# 4PoGo7's BBQ Bambi - Venison Backstrap Mishap!



## 4pogo7 (Oct 13, 2015)

*BBQ Bambi - Venison Backstrap Mishap!*

This was my second time smoking a venison backstrap, but it didn’t go quite as well. Although it still had decent results.

First backstrap:

http://www.smokingmeatforums.com/t/236294/smoked-venison-backstrap-w-3-smoke-lead-up

*Day 1 Prep: *

I started on 8/3/15 in the evening by rinsing a 3 lb cut from a venison backstrap and patting it dry with paper towels. This was 100% fat free and had as much silver skin removed as possible. I then applied yellow mustard and a rub mix. Into a zip-lock and into the fridge for 24 hours.

*Day 2 Smoking:*

I set up my electric ECB and filled the water pan. Then I filled a chip box with hickory that had been soaking for about 24 hours. With the chip box sitting directly on the electric element and everything warmed up I probed the backstrap with my remote Maverick digital meat thermometer and put it on the top grate. (I forgot to take a picture or note the time)

I then went to work in the garage while it smoked.

9:54PM------------Internal Temp (IT) was getting close to 145° so I stopped working in the garage and washed up quick and got things ready.

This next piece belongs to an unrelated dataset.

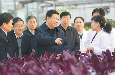 围绕贯彻党的十八届三中全会精神做好“三农”工作,是习近平此次调研的重要内容。27日下午,他来到山东省农科院,视察智能化温室和省农村农业信息化综合服务平台,了解依靠科技创新促进农业发展和农民增收的情况,随后召开座谈会,听取农业科研机构、农业行政部门、基层干部等有关人员对“三农”工作的意见和建议。习近平指出,保障粮食安全是一个永恒的课题,任何时候都不能放松。解决好“三农”问题,根本在于深化改革,走中国特色现代化农业道路。当前,重点要以解决好地怎么种为导向,加快构建新型农业经营体系;以解决好地少水缺的资源环境约束为导向,深入推进农业发展方式转变;以满足吃得好吃得安全为导向,大力发展优质安全农产品。习近平强调,要给农业插上科技的翅膀,按照增产增效并重、良种良法配套、农机农艺结合、生产生态协调的原则,促进农业技术集成化、劳动过程机械化、生产经营信息化、安全环保法治化,加快构建适应高产、优质、高效、生态、安全农业发展要求的技术体系。
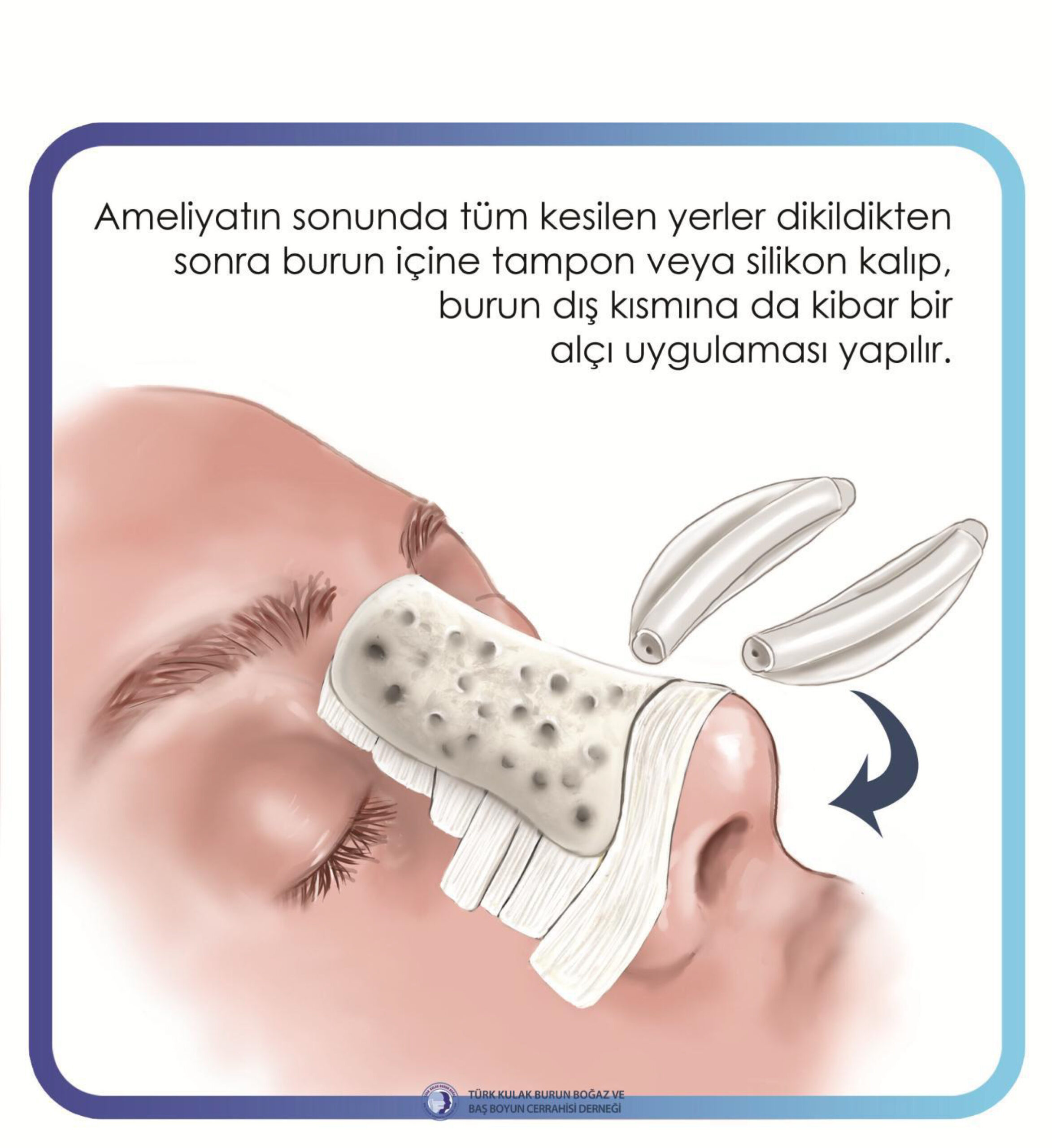 Ameliyatın sonunda tüm kesilen yerler dikildikten sonra burun içine tampon veya silikon kalıp, burun dış kısmına da kibar bir alçı uygulaması yapılır.

*****Things Started Getting Weird*****

9:57PM------------IT alarm goes off at 145° but then drops to high 130’s and then spikes to low 150’s. I reset the alarm for an IT of 155° and walk away. I don’t get 15 feet away and the alarm is going off again for 155°. I watch the temp swing from a low of about 140° to a high of about 175°. I think it somehow might be affected by the heating element kicking on and off so I unplug my ECB. It keeps swings but the range gets hotter and hotter.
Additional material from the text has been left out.